A little more than two years ago, a group of prominent CEOs and Institutional Investors published the Commonsense Principles of Corporate Governance. That work represented a collaborative effort – a search for common ground – by representatives of some of America’s largest corporations and institutional investors.

The authors said then, and it is no less true today, that the long-term prosperity of millions of American workers, retirees and investors depends on the effective governance of our public companies. They hoped that their Principles would be part of a larger dialogue about the responsibilities and need for constructive engagement of those companies, their boards and their investors.
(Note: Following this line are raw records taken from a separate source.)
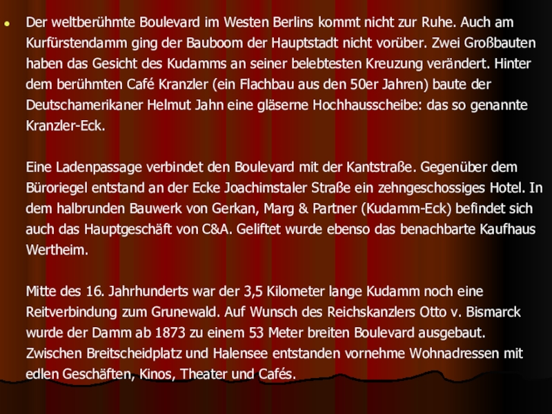 Слайд 14Der weltberühmte Boulevard im Westen Berlins kommt nicht zur Ruhe. Auch
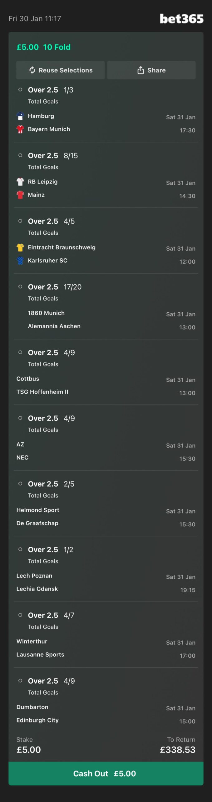 This accumulator is with Bet365. There is a link below which will add each selection directly to your bet slip in just 1 click!
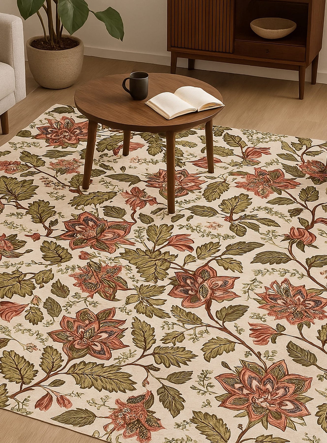 Tapis en vinyle Adama Alma Jacobean, faciles à nettoyer et adaptés aux foyers actifs. vert
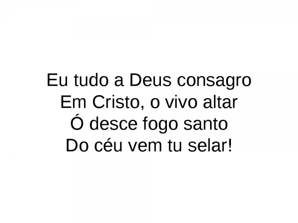 - Eu tudo a Deus consagroEm Cristo, o vivo altarÓ desce fogo santoDo céu vem tu selar!
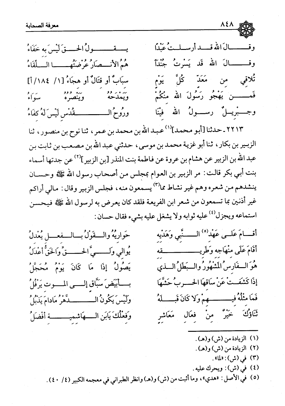 ٢٢١٣ - حَدَّثَنَا أَبُو مُحَمَّدٍ عَبْدُ اللهِ بْنُ مُحَمَّدِ بْنِ عُمَرَ، ثنا نُوحُ بْنُ مَنْصُورٍ، ثنا الزُّبَيْرُ بْنُ بَكَّارٍ، ثنا أَبُو غَزِيَّةَ مُحَمَّدُ بْنُ مُوسَى، حَدَّثَنِي عَبْدُ اللهِ بْنُ مُصْعَبِ بْنِ ثَابِتِ بْنِ عَبْدِ اللهِ بْنِ الْزَّبَيْرِ، عَنْ هِشَامِ بْنِ عُرْوَةَ، عَنْ فَاطِمَةَ بِنْتِ الْمُنْذِرِ بْنِ الزُّبَيْرِ، عَنْ جَدَّتِهَا أَسْمَاءَ بِنْتِ أَبِي بَكْرٍ قَالَتْ: " مَرَّ الزُّبَيْرُ بْنُ الْعَوَّامِ بِمَجْلِسٍ مِنْ أَصْحَابِ رَسُولِ اللهِ صَلَّى اللَّهُ عَلَيْهِ وَسَلَّمَ وَحَسَّانُ يُنْشِدُهُمْ مِنْ شَعْرِهِ وَهُمْ غَيْرُ نُشَاطٍ مِمَّا يَسْمَعُونَ مِنْهُ، فَجَلَسَ الزُّبَيْرُ وَقَالَ: مَالِي أَرَاكُمْ غَيْرَ أَذِنِينَ بِمَا تَسْمَعُونَ مِنْ شِعْرِ ابْنِ الْفُرَيْعَةِ فَلَقَدْ كَانَ يَعْرِضُ بِهِ لِرَسُولِ اللهِ صَلَّى اللَّهُ عَلَيْهِ وَسَلَّمَ فَيُحْسِنُ اسْتِمَاعَهُ وَيُجْزِلُ عَلَيْهِ ثَوَابَهُ وَلَا يُشْغَلُ عَلَيْهِ بِشَيْءٍ فَقَالَ حَسَّانُ:
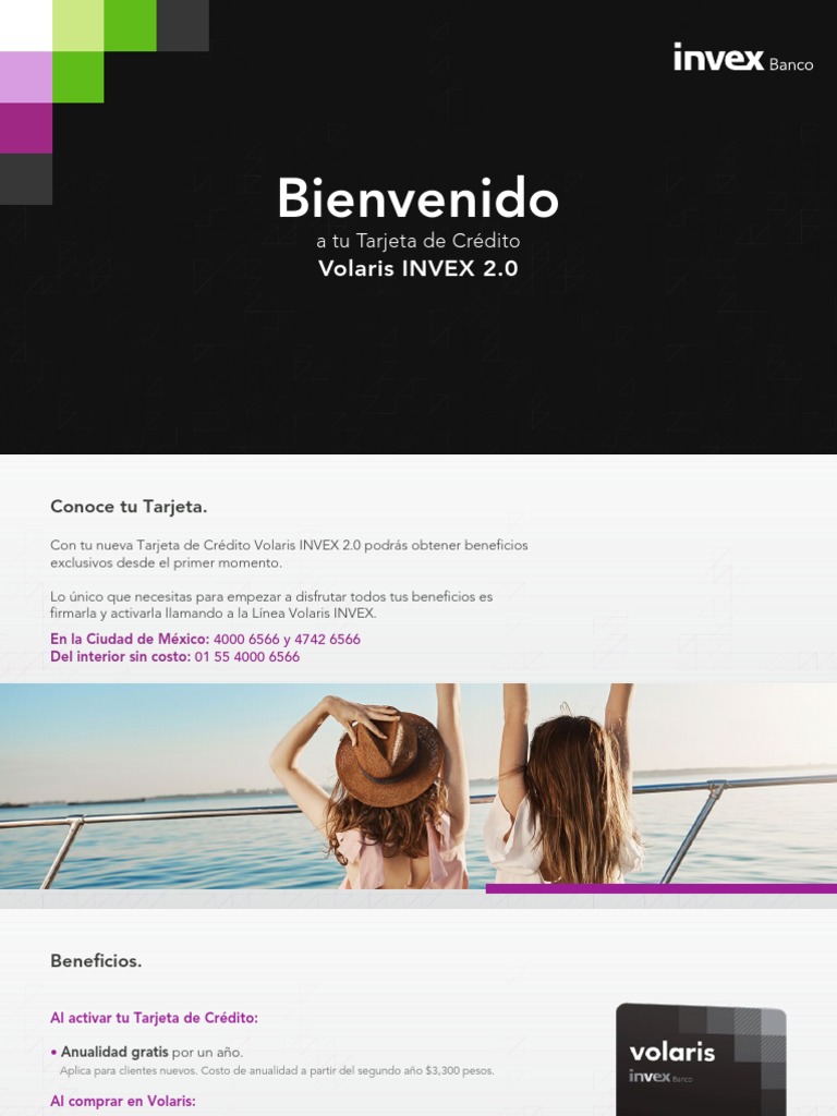 Con tu nueva Tarjeta de Crédito Volaris INVEX 2.0 podrás obtener beneficios

According to the authors, “This dialogue is critical. In the last 20 years, we have seen a precipitous decline in the number of public companies in our country – a phenomenon that is distinctly and uniquely American. While the reasons for that decline may be complex and varied, one reason cited by a number of commentators is that our country’s public market participants are too short-term oriented, thus discouraging companies with a longer-term view from going public. We need to fix that problem, so that all Americans have the opportunity to participate in the economic growth generated by our country’s innovation and ingenuity.

An updated 12-page document referred to as Commonsense Corporate Governance Principles 2.0 was signed by the CEOs of 13 organizations, including Berkshire Hathaway, BlackRock, General Electric, General Motors, JPMorgan Chase, State Street Global Advisors and Vanguard.

Commonsense Corporate Governance Principles 2.0 covers topics including:

Board of directors’ duties, composition and internal governance
Board of directors’ responsibilities
Shareholder rights – including that public companies should allow for some form of proxy access and that dual-class voting is ‘not a best practice’
Public reporting
Board leadership, including the lead independent director’s role
Management succession planning
Investors’ role in corporate governance.